We require our customers to enter into license agreements, which impose
restrictions on their ability to use our software. In addition, we require
persons with access to our proprietary information to execute confidentiality
agreements with us and restrict access to our source code. We seek to protect
our software, documentation and other written materials under trade secret and
copyright laws, which afford only limited protection.
We generally enter into confidentiality agreements with our employees and
consultants. Our confidentiality agreements require that our employees and
consultants not disclose any of our proprietary information. Despite these and
other efforts to protect our proprietary information, unauthorized parties may
attempt to obtain and use our proprietary information. Policing unauthorized use
of our proprietary information is difficult, and our efforts might not prevent
misappropriation, particularly in foreign countries where the laws may not
protect our proprietary rights as well as those of the United States.
GOVERNMENT REGULATION
Franchise Regulation
We must comply with regulations adopted by the Federal Trade Commission, or
the FTC, and with foreign and state laws that regulate the offer and sale of
franchises as well as the franchise relationship. The FTC's Trade Regulation
Rule on Franchising, or the FTC Rule, and certain state laws require that we
furnish prospective franchisees with a franchise offering circular containing
information prescribed by, and otherwise comply with, the FTC Rule and
applicable state laws and regulations at least 10 days before any sale can be
effected. Foreign laws and regulations may also require disclosure of specified
information to prospective franchisees, and in some jurisdictions, the
registration of the franchisor with a governmental or quasi-governmental agency,
prior to the offer or sale of franchises.
We also must comply with a number of state and foreign laws that regulate
substantive aspects of the franchisor-franchisee relationship. These laws may
limit a franchisor's ability to terminate or not renew a franchise without good
cause, prohibit interference with the right of free association among
franchisees, disapprove the transfer of a franchise or discriminate among
franchisees with regard to charges, royalties and other fees. To date, these
laws have not had an adverse effect on our operations.
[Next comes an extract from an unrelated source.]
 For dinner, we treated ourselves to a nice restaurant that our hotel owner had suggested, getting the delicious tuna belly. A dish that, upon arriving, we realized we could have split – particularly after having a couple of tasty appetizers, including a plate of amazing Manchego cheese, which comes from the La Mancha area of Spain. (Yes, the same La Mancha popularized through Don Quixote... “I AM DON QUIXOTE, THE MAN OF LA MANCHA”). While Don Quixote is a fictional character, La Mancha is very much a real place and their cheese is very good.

The failure to comply
with these laws may adversely affect us.
Bills intended to further regulate certain aspects of franchise
relationships have been introduced into the United States Congress on several
occasions during the last decade, but none have been enacted. Any changes to the
FTC Rule or state or foreign franchise laws, or future court or administrative
decisions could affect our franchise business.
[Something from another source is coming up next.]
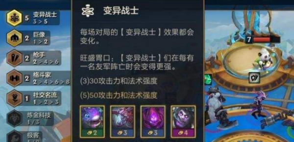 而在变异战士阵容中,包含有多个阵容羁绊,而这些阵容羁绊分别为5变异战士羁绊、2巨像羁绊、1社交名流羁绊、2格斗家羁绊以及2圣盾使羁绊。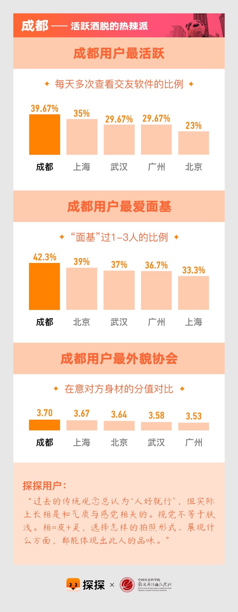 与其他城市相比,成都用户可谓是“外貌协会”资深会员,在匹配聊天对象时,选择“更在意对方身材”的平均分值最高。一位成都探探用户表示,过去的传统观念总认为“人好就行”,但实际上长相是和气质与感觉相关的。视觉不等于肤浅。相=皮+灵,选择怎样的拍照形式、展现什么方面,都能体现出此人的品味。

Regulation of the Internet and E-Commerce
The United States Congress recently has passed legislation that regulates
certain aspects of the Internet, including online content, copyright
infringement, user privacy, taxation, access charges and liability for
third-party activities. The European Union also has recently enacted several
directives relating to the Internet, including directives that address the use
of personal data, e-commerce activities, security, commercial piracy, consumer
protection and taxation of e-commerce transactions. Governmental authorities in
the United States and abroad are considering, and may consider in the future,
other
35
legislative and regulatory proposals that would regulate the Internet. Areas of
potential regulation are uncertain but may include intellectual property
ownership, libel, privacy protection, consumer protection, including deceptive
advertising, pricing, quality of products and services. We cannot predict how
courts will interpret existing and new laws, and therefore are uncertain as to
how new laws or the application of existing laws will affect our business. In
addition, our business may be indirectly affected by legislation that affects
the ability of our customers to engage in e-commerce activities. Increased
regulation of the Internet may decrease the growth in the use of the Internet,
which could decrease the demand for our products and services, increase our cost
of doing business or otherwise harm our business, results of operations and
financial condition.
EMPLOYEES
As of March 15, 2000, ZLand.com had a total of 240 employees, consisting of
77 in research and development, 111 in sales and marketing, 20 in customer
support, professional services and training, and 32 in administration and
finance. Of these employees, 212 were located in the United States and 28 were
located outside of the United States. None of our employees are represented by a
collective bargaining agreement, nor have we experienced any work stoppage. We
consider our relations with our employees to be good.
FACILITIES
Our headquarters and our principal sales, marketing, research and
development and administrative office occupies approximately 67,000 square feet
in Aliso Viejo, California. This lease expires on February 28, 2005. In
addition, we also lease office space in Atlanta, Georgia, San Jose, Emeryville
and Moorpark, California, Munich, Germany and Sydney, Australia.
LEGAL PROCEEDINGS
From time to time we may be involved in litigation or arbitration that
arises in the normal course of business operations. In particular, we may from
time to time be involved in litigation or arbitration with franchisees who are
terminated for nonperformance or noncompliance with their franchise agreements.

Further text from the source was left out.